World oil prices fell on Thursday as traders focused on weak demand data from the United States, the world’s biggest consumer of energy.

New York’s main contract, light sweet crude for delivery in June, dropped 24 cents to 83.44 dollars a barrel.

Brent North Sea crude for June slipped six cents to 85.64 dollars in late afternoon London trade.

“The US weekly data was on the weaker side, with inventory builds across the crude and all the product barrels, along with relatively soft demand figures,” said Barclays Capital analyst Amrita Sen.

The US Department of Energy (DoE) had announced on Wednesday that US crude reserves increased 1.9 million barrels in the week ending April 16. This was against market expectations for a drop of 200,000 barrels.

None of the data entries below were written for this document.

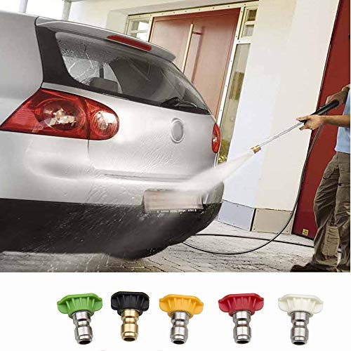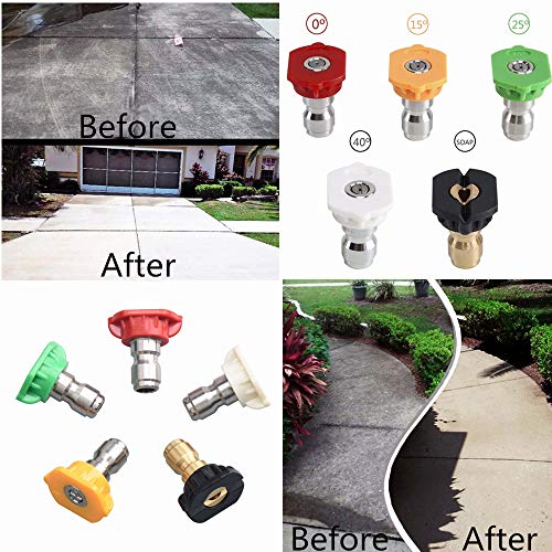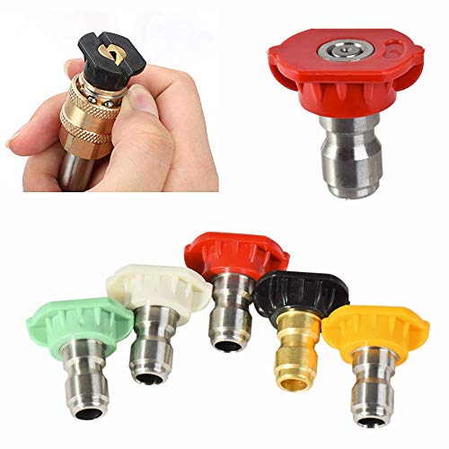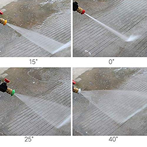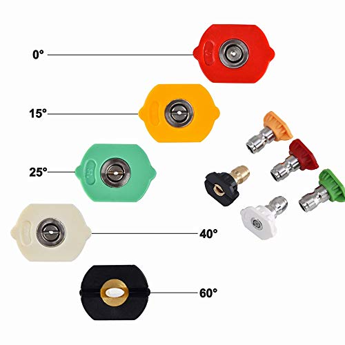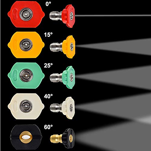 Package Includes:5 pcs Power Washer Nozzles with different spray patterns. (Red one 0°, yellow one 15°, green one 25°, white one 40°, black one 65°) .Orifice size 2.5
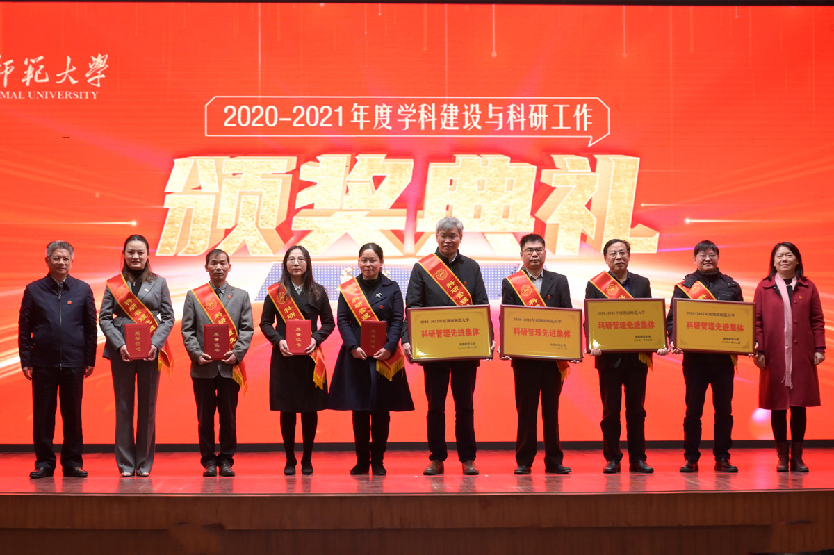 副校長謝資清宣讀了學(xué)校《關(guān)于表彰2020-2021年度湖南師范大學(xué)科研標(biāo)兵、青年科研標(biāo)兵、科研管理先進(jìn)集體和科研管理先進(jìn)個人的的決定》。
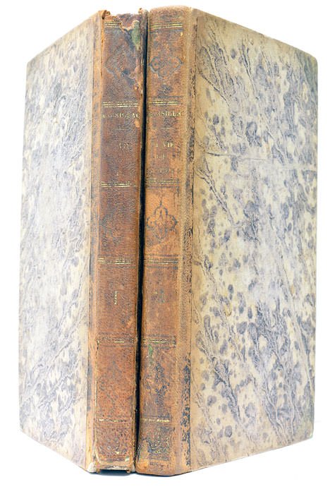 2 volumes. X. 264 pages. 1 feuillet blanc. + 294 pages. 1 feuillet blanc. (21x12 Cm). Demi-cuir. Dos lisse doré. Tranches marbrées. Coins et coiffes émoussés. Plats frottés. Rousseurs éparses. Publiée à Paris en 1791, cette édition originale offre un regard approfondi sur William Penn, illustre fondateur de la Pennsylvanie et figure emblématique de la Société des Amis, plus communément appelés Quakers. L'ouvrage, issu des presses du Cercle Social de Nicolas de Bonneville, s'inscrit dans un contexte révolutionnaire français où les idées de liberté et de démocratie sont en pleine effervescence. À travers la vie de Penn et la fondation de Philadelphie, l'auteur explore les principes fondateurs de la constitution des États-Unis, mettant en lumière les liens entre les aspirations démocratiques des deux nations. Ce texte ne se contente pas de narrer l'histoire d'un homme et de son utopie réalisée, mais sert également de miroir aux idéaux universels de liberté et de tolérance religieuse, résonnant avec les enjeux contemporains de coexistence pacifique et de gouvernance équitable.
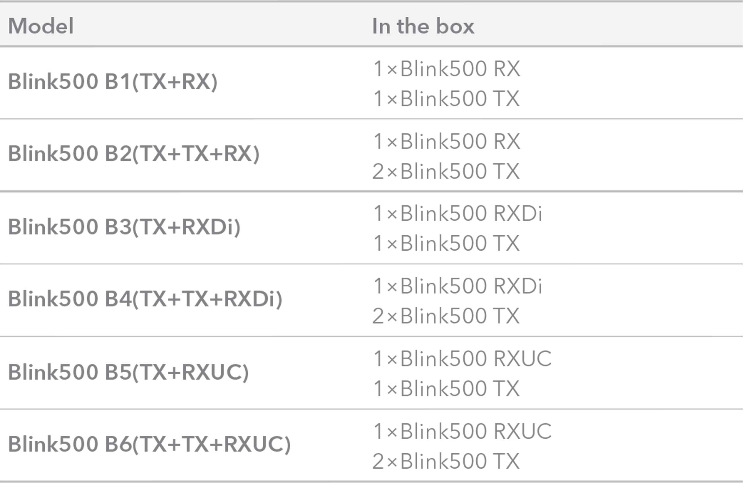دو یونیت فرستنده و گیرنده  سری میکروفون بی‌‌سیم Blink500 به آسانی و تنها بعد از روشن نمودن آنها به صورت خودکار با یکدیگر هماهنگ می شوند و ثابت شدن چراغ LED بر روی آنها نشان از این هماهنگ‌سازی است. فرستنده این مجموعه علاوه بر میکروفون یقه‌ای رایج در تمامی میکروفون‌های بی‌سیم برای سخنرانی و مصاحبه‌ها و ... استفاده می شود، از یک میکروفون داخلی با الگوی قطبی تمام جهتی بهره می‌برد که می‌تواند در شرایط کاربری گوناگون به عنوان یه میکروفون دستی مورد استفاده قرار گیرد. گیرنده‌ها نیز در این خانواده تماما بصورت دو کانال بوده و همزمان می‌تواند به دو گیرنده متصل شود.
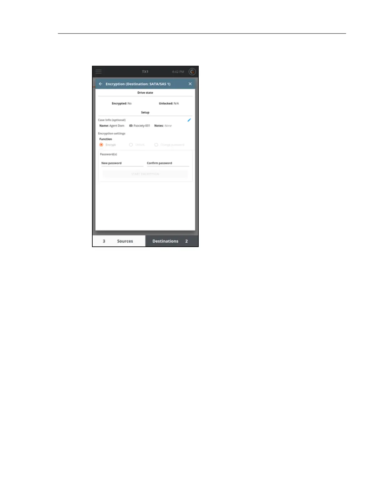 To remove encryption from a drive, connect the drive to the TX1 as a destination or accessory
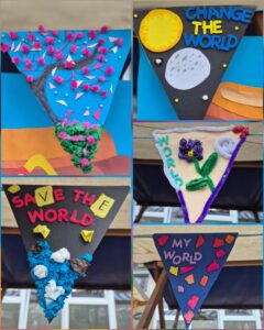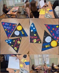 Kako se u školi održavao božićni sajam, kreativnost učenica došla je do punog izražaja. Ručno su izradile šarene zastave s različitim motivima i porukama, a sa zastavama smo ukrasili jedan od štandova na sajmu.
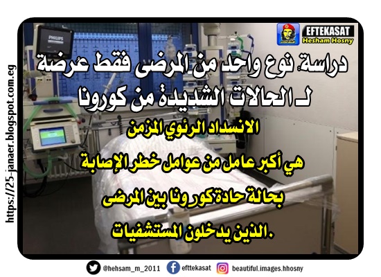 ووجدت الدراسة أن الحالة المعروفة باسم الانسداد الرئوي المزمن، وهو مرض يسبب مشاكل في التنفس على الأمد الطويل؛ هي أكبر عامل من عوامل خطر الإصابة بحالة حادة من كوفيد-19 بين المرضى الذين يدخلون المستشفيات.
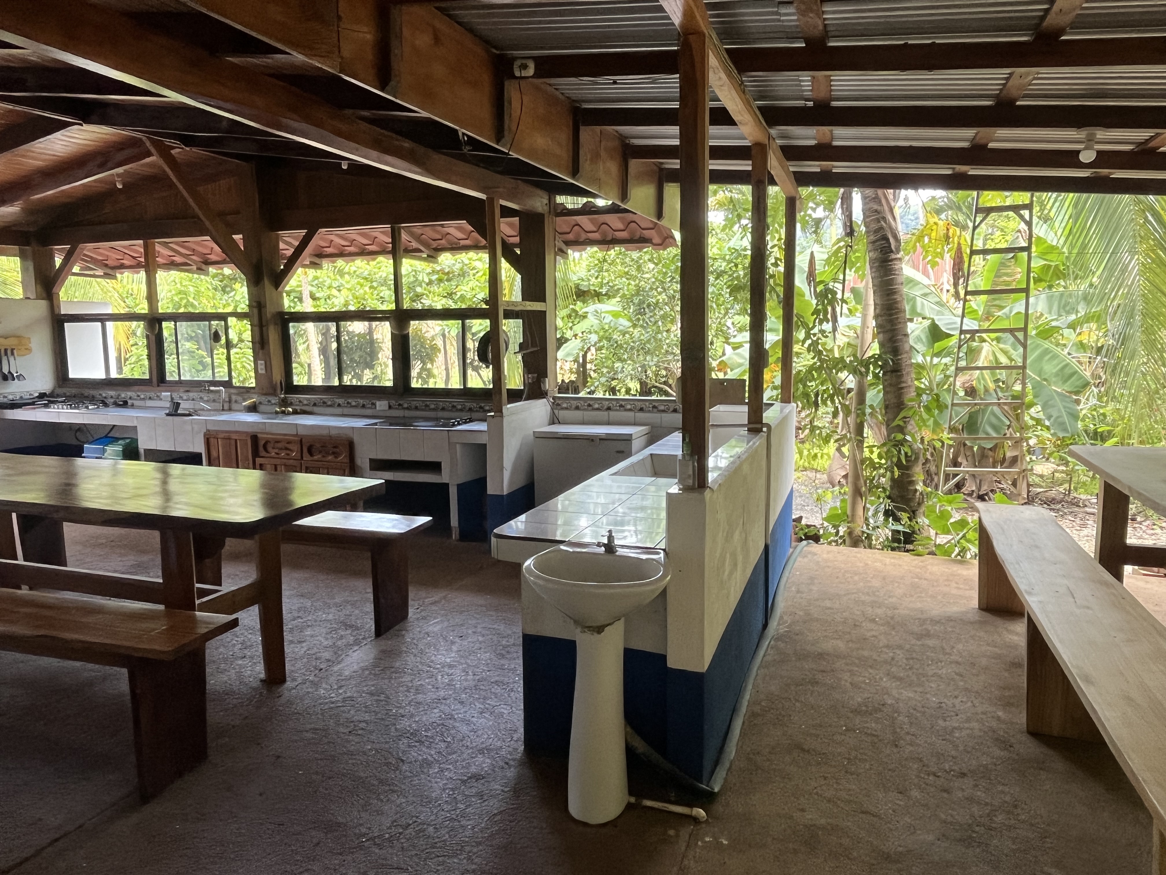 The property also has a large ranch that serves as a communal kitchen and dining area, complete with two cooking stations and a freezer, making it suitable for larger groups.
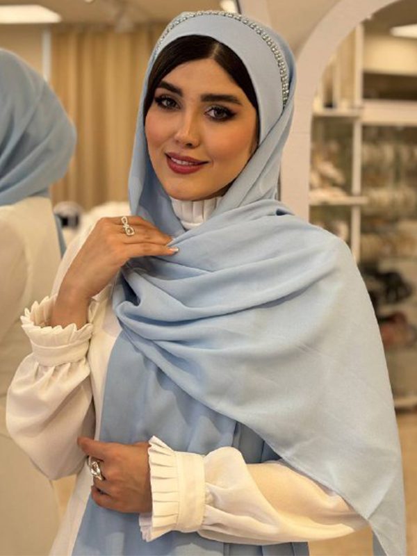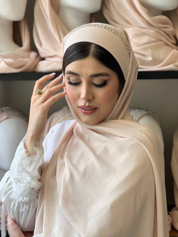 جنس کرپ حریر ( زیر شال کلاه دوخته شده ، فیکس محکم روی سر میمونه و اصلا مو ، گردن مشخص نیست)
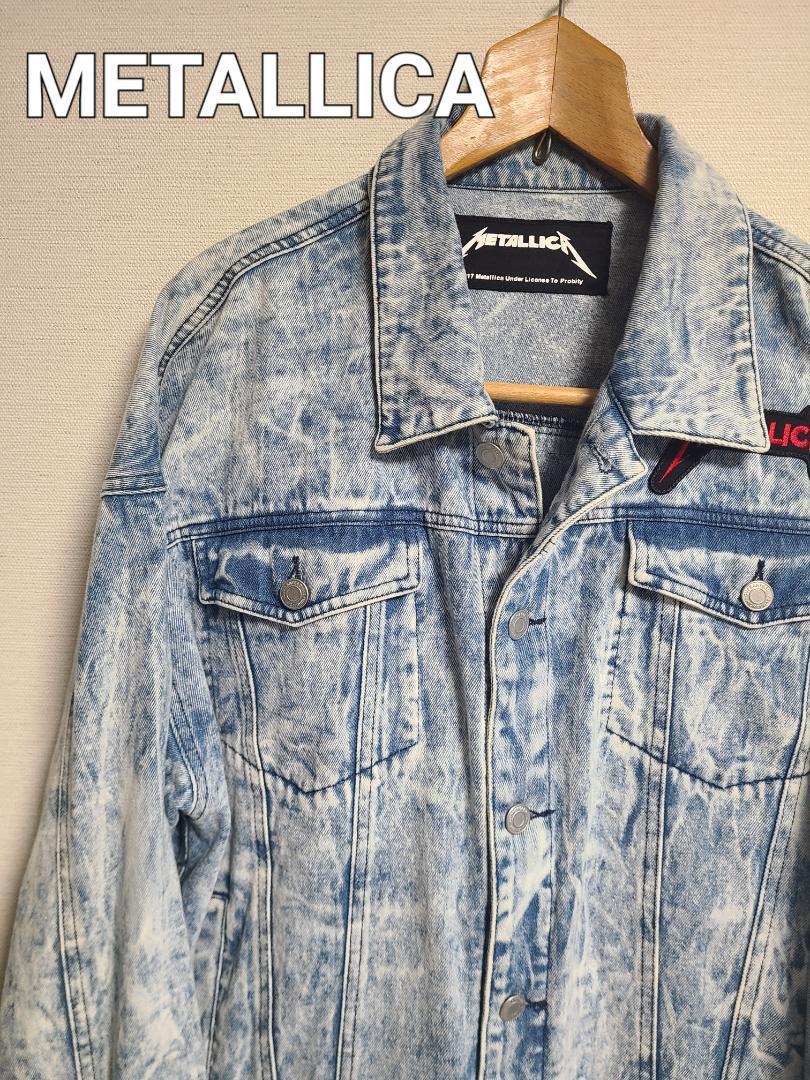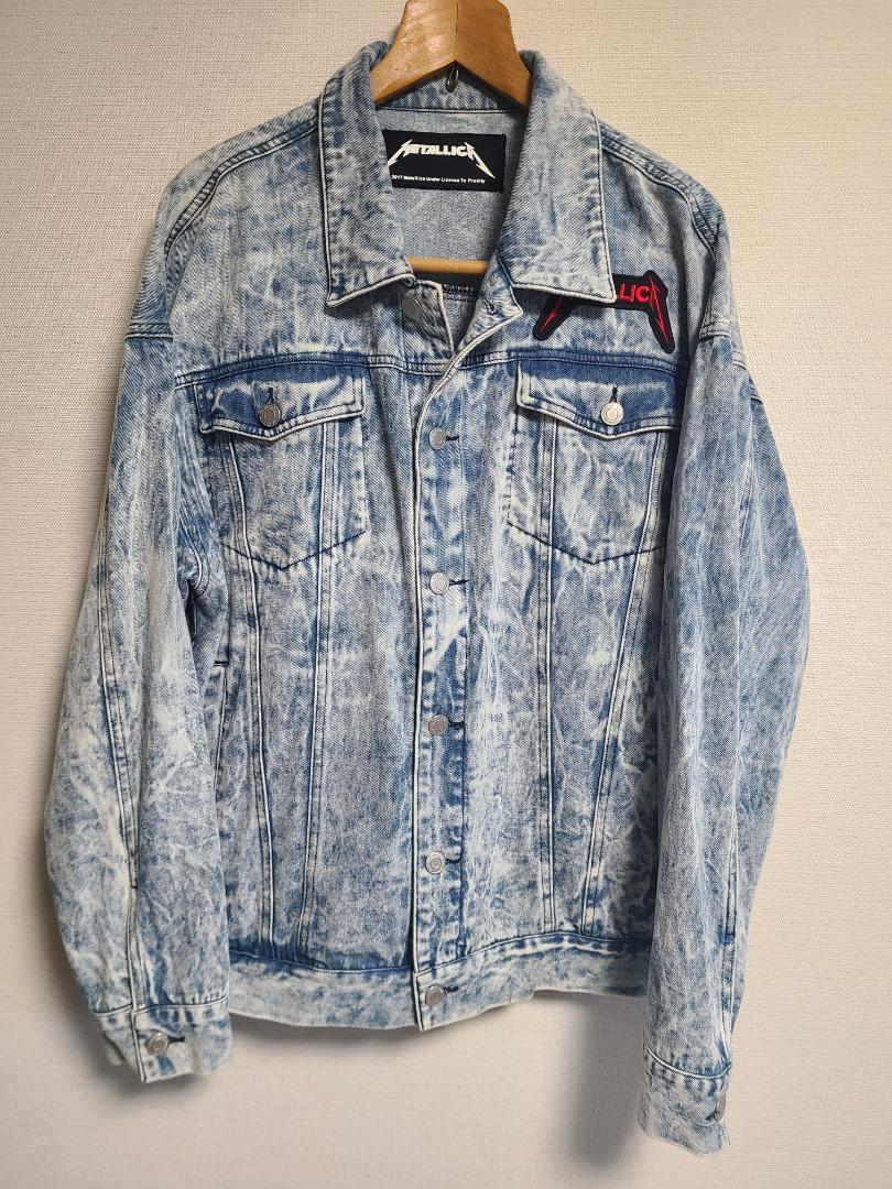 商品名:メタリカ ジージャン Gジャン デニム ジャケット 羽織 ロゴ プリント ケミカルウォッシュ フリーサイズ

“The increase in crude inventories was largely unexpected so demand fundamentals are weighing on people’s minds,” Serene Lim, a Singapore-based oil analyst with ANZ Bank, told AFP.

Demand in the United States is closely monitored by the oil market because it is the world’s biggest economy and its biggest energy consumer.

The giant US economy is struggling to recover from its worst downturn since the 1930s.

Elsewhere, a bomb planted by insurgents in northern Iraq on Thursday blew a hole in an oil pipeline that carries crude to Turkey, causing a blaze that firefighters were fighting to control, police said.

The incident occurred in the desert region of Al-Hadhar, 120 kilometres (75 miles) south of the city of Mosul, said provincial police Colonel Hossam Aldeen Mohammed.

The pipeline, which was last hit on December 20 last year, transports around 420,000 and 450,000 barrels of crude per day, although it has the potential to ship 600,000 bpd, according to the oil ministry.

In Kuwait meanwhile, oil reserves in the country’s largest oilfield, Burgan, are higher than have been published and new figures for all reservoirs are to be announced soon, a minister said on Thursday.

“Reserves in Burgan oilfield are much higher than what is being circulated,” deputy premier for economic affairs Sheikh Ahmad Fahad al-Sabah was cited as saying by the official KUNA news agency.

Greater Burgan oilfield is the world’s second largest field after Ghawar in Saudi Arabia, with reserves previously estimated at around 70 billion barrels.

It has been producing about three-quarters of Kuwait’s output of 2.2 million bpd.

Oil prices had tumbled on Monday amid concerns over fraud charges against Wall Street icon Goldman Sachs and the closure of European airports due to ash from a volcano in Iceland.